Taking only the lines of the data below from the line with "Domácí finská sauna, dvě" to the line with "Reminiscing Haus und Garten PreTour Dinners", ends included, write them out exactly and without pictures.

■ ■ ■ ■

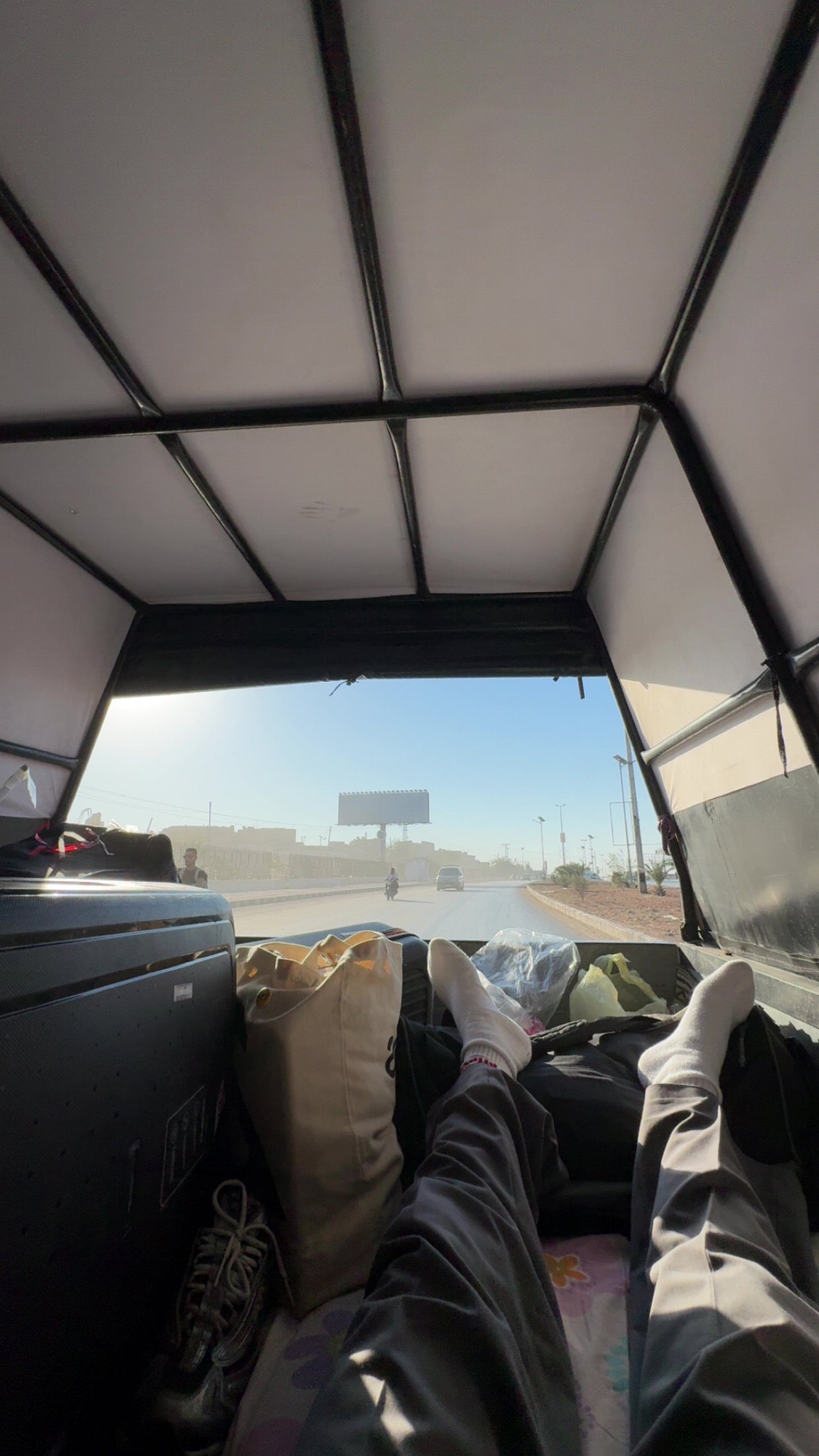 We propten ons in een enorme Hyundai pick-up, onze koffers hoog opgestapeld. Ik koos ervoor om achterin te zitten, tussen de bagage, omdat ik alles in me op wilde nemen: de geur van de rit van Aleppo naar Afrin ruiken, het met eigen ogen zien. En ik zal eerlijk zijn: Syrië ruikt niet lekker. Uitlaatgassen, verbrand plastic, droge hitte... het is overweldigend.
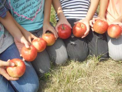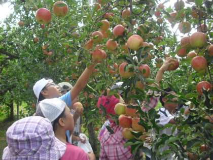 関リンゴ園でリンゴ狩りをしました。関さんから農家のお話を伺いました。
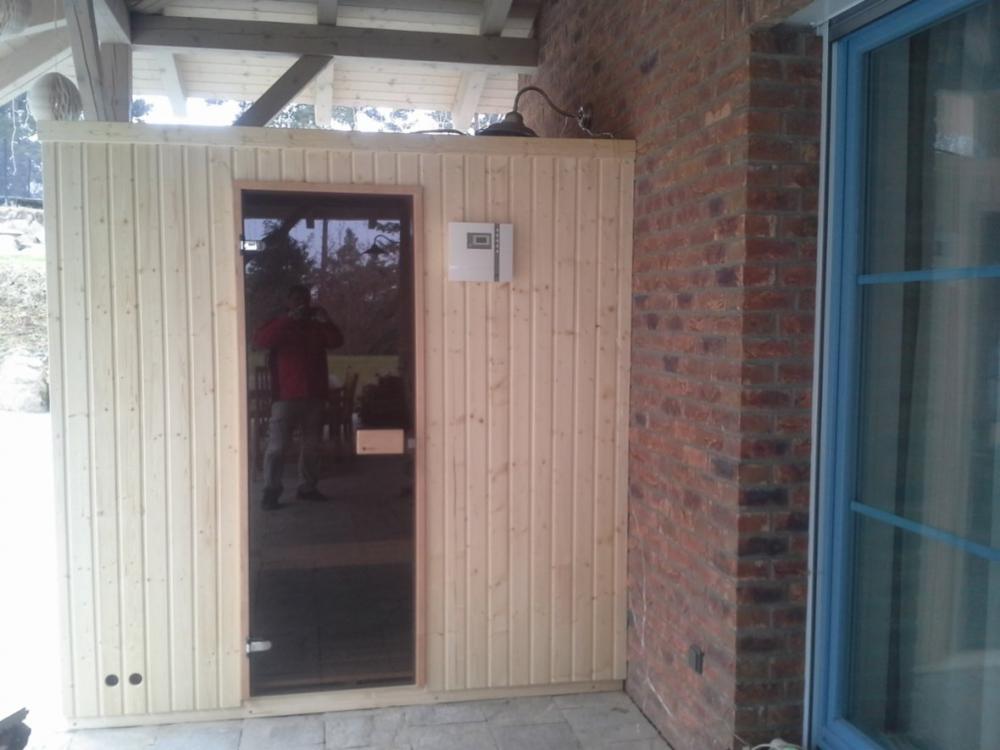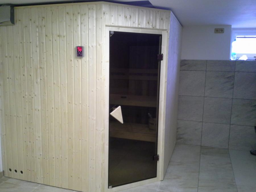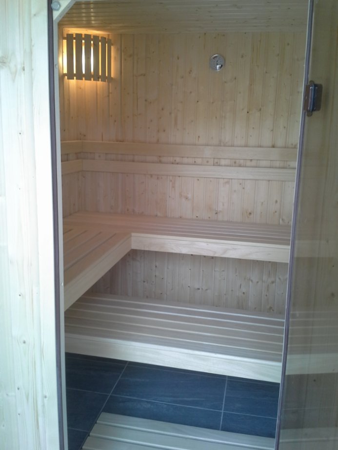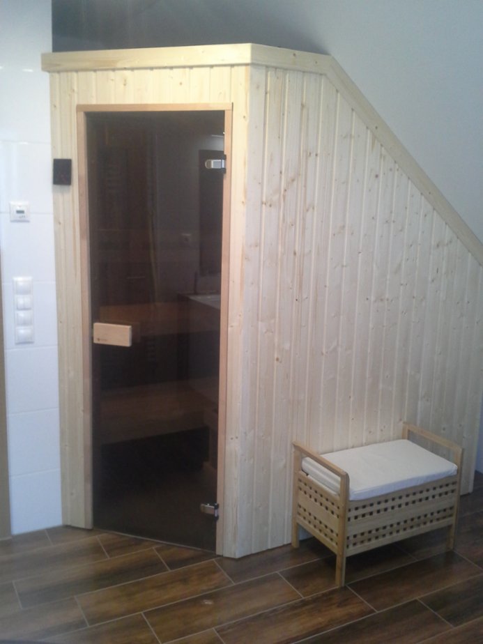 Domácí finská sauna, dvě pohodlná lehátka šíře 56 cm nad sebou. Rozměr sauny 200x150 cm. Přizpůsobení dle vašich dispozic dle místnosti. Materiál sauny severský smrk kval. A a lavičky z africké vrby abachi, kvalitní finská el. kamna s kameny s nastavením teploty a času zapnutí a automatickým vypnutím, skleněné dveře, osvětlení. Lze zajistit i jiné rozměry sauny. Může být ve větší koupelně nebo nevyužité místnosti. Odbornou montáž a dopravu po celé ČR zajistím. Celá ČR.
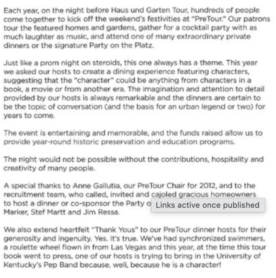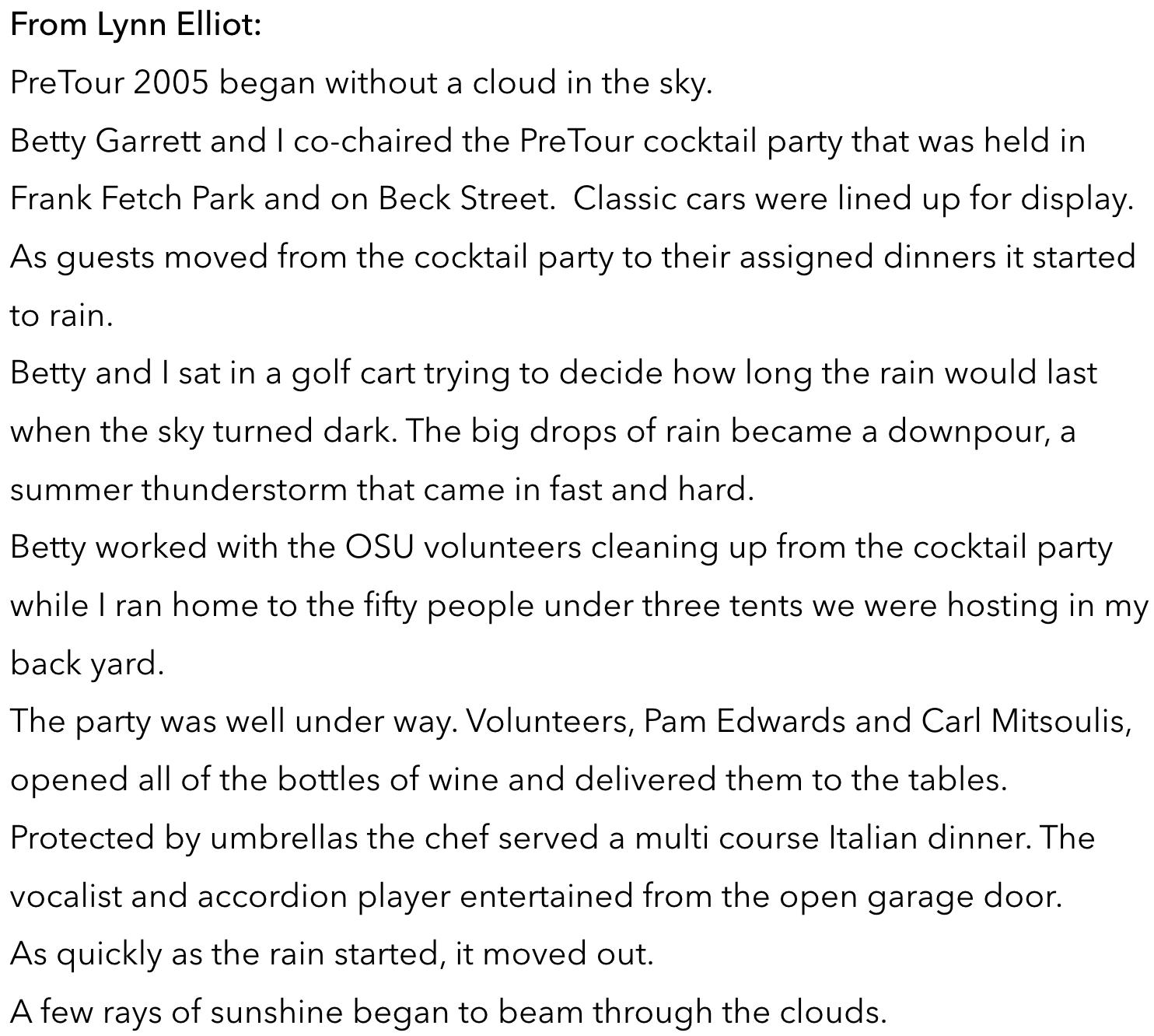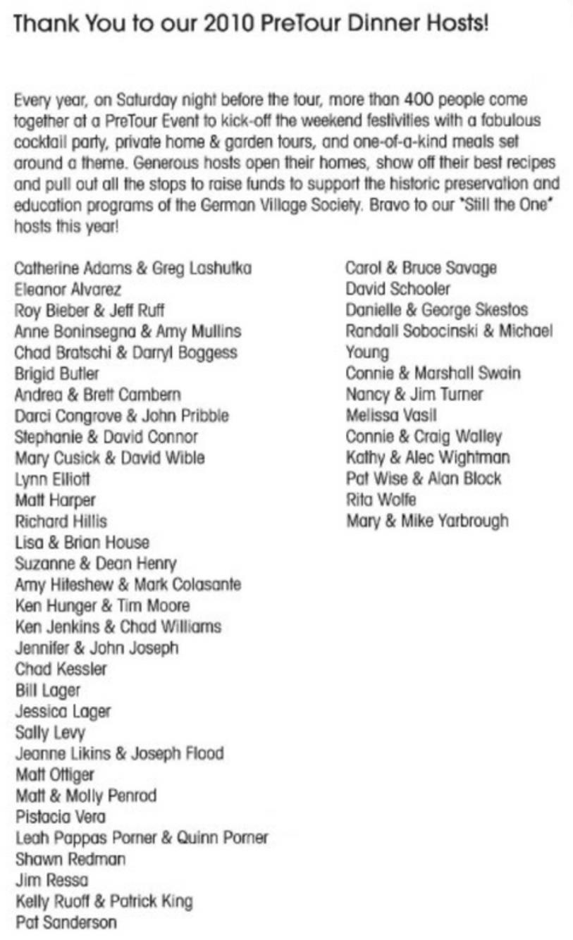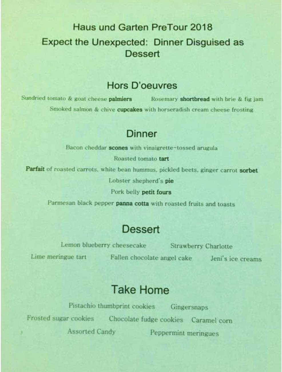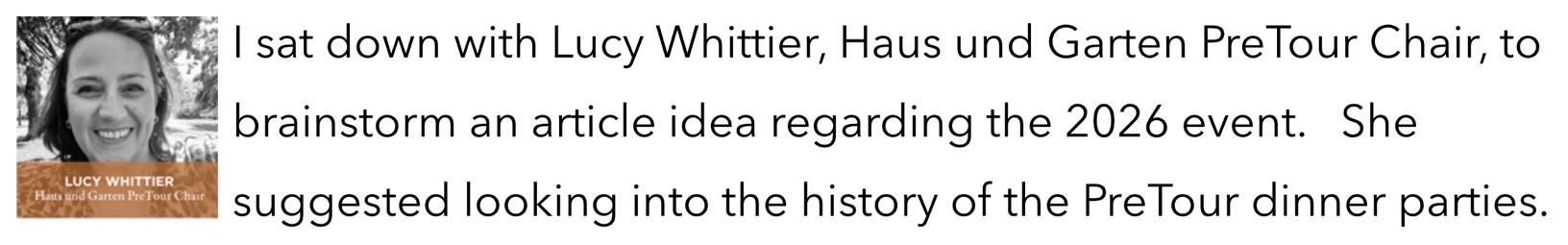 Reminiscing Haus und Garten PreTour Dinners
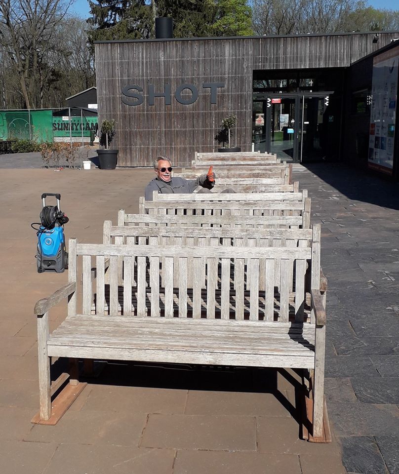 Daarna is Ab begonnen de banken schoon te spuiten met de hogedrukreiniger. Frans de Goede kwam een handje helpen deze week.
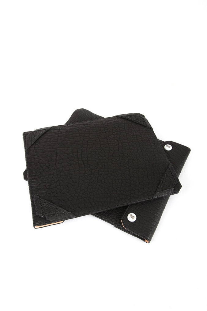 The mother of all iPad cases!! Hand stitched together Internal layer of Kevlar for strength and durability. The layer of Kevlar is sandwiched in between Reservation Bison and a vegetable tanned Calf leather lining to combat the natural stretch of the leather, and maintain the shape and size. You have the choice of either white or black, laser etched, military grade ceramic covered PRYM snap-locks.
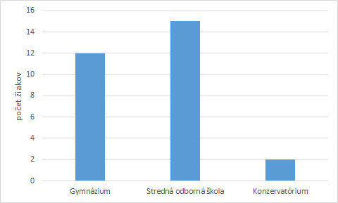 Žiaci z 9.A si podávali prihlášky na stredné školy. Zastúpenie jednotlivých typov škôl znázorňuje nasledovný graf:

■ ■ ■ ■

#### Exercise answer:
 Domácí finská sauna, dvě pohodlná lehátka šíře 56 cm nad sebou. Rozměr sauny 200x150 cm. Přizpůsobení dle vašich dispozic dle místnosti. Materiál sauny severský smrk kval. A a lavičky z africké vrby abachi, kvalitní finská el. kamna s kameny s nastavením teploty a času zapnutí a automatickým vypnutím, skleněné dveře, osvětlení. Lze zajistit i jiné rozměry sauny. Může být ve větší koupelně nebo nevyužité místnosti. Odbornou montáž a dopravu po celé ČR zajistím. Celá ČR.
 Reminiscing Haus und Garten PreTour Dinners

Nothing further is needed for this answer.